Then, applying Lemma 5.1, we can obtain the desired estimate for \( \Vert ({\varvec{\sigma }},{\varvec{u}})-({\varvec{\sigma }}_{h}\Vert \) as follows.

Lemma 5.2

Let \(\displaystyle C_{{\mathrm {ST}}}:=\frac{2}{\alpha (\Omega )}\, \max \{1,\Vert \,{\mathbf {A}}+{\mathbf {B}}_{{\varvec{u}}}\,\Vert \}\), where \(\alpha (\Omega )\) is the constant yielding the ellipticity of both \({\mathbf {A}}\) and \({\mathbf {A}}+{\mathbf {B}}_{{\varvec{w}}}\) for any \({\varvec{w}}\in {\mathbf {H}}^1(\Omega )\) (cf. (3.29) and (3.31)).
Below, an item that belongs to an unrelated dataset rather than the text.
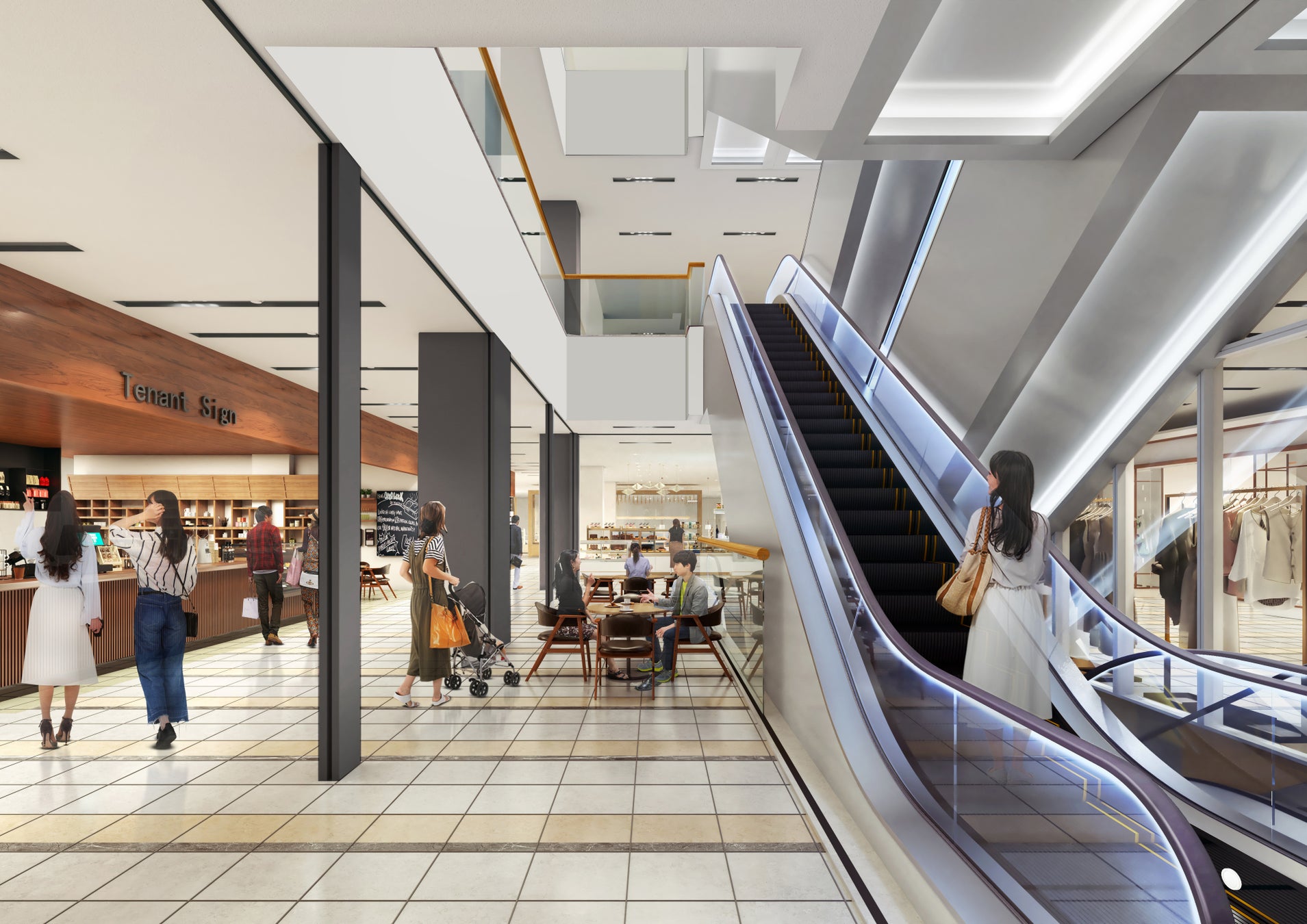 施設中央のエスカレーターを中心に柱型のデザインを統一。

Then, there holds

$$\begin{aligned}&\displaystyle \Vert ({\varvec{\sigma }},{\varvec{u}})-({\varvec{\sigma }}_{h},{\varvec{u}}_{h})\Vert \nonumber \\&\quad \le C_{{\mathrm {ST}}}\,\{( 1 + c_{1}(\Omega )\, (\kappa _{1}^{2}+1)^{1/2}\,\Vert {\varvec{u}}-{\varvec{u}}_{h}\Vert _{1,\Omega })\, {\mathrm {dist}}(({\varvec{\sigma }},{\varvec{u}}),{\mathbb {H}}_{h}^{{\varvec{\sigma }}}\times {\mathbf {H}}_{h}^{{\varvec{u}}} ) \Big . \nonumber \\&\quad \quad \displaystyle + \,c_{1}(\Omega )\,(\kappa _{1}^{2}+1)^{1/2}\,\Vert {\varvec{u}}-{\varvec{u}}_{h}\Vert _{1,\Omega } \, \Vert {\varvec{u}}\Vert _{1,\Omega } + (\mu ^{2}+\kappa _{2}^{2})^{1/2}\, \Vert {\varvec{g}}\Vert _{\infty ,\Omega }\,\Vert \varphi -\varphi _{h}\Vert _{0,\Omega } \}.\nonumber \\ \end{aligned}$$
(5.1)

Proof

Observe that, according to the previous continuous and discrete analyses in Sects. 3 and 4, respectively, we readily obtain that the bilinear forms \(A:={\mathbf {A}}+{\mathbf {B}}_{\varvec{u}}\), \(A_h:={\mathbf {A}}+{\mathbf {B}}_{{\varvec{u}}_h}\), and the functionals \(F=F_\varphi +F_D\) and \(F_h=F_{\varphi _h}+F_D\) satisfy the hypotheses of Lemma 5.1. Then, after simple algebraic computations the result follows from the aforementioned lemma. We omit further details and refer to [10, Lemma 5.3] for details. \(\square \)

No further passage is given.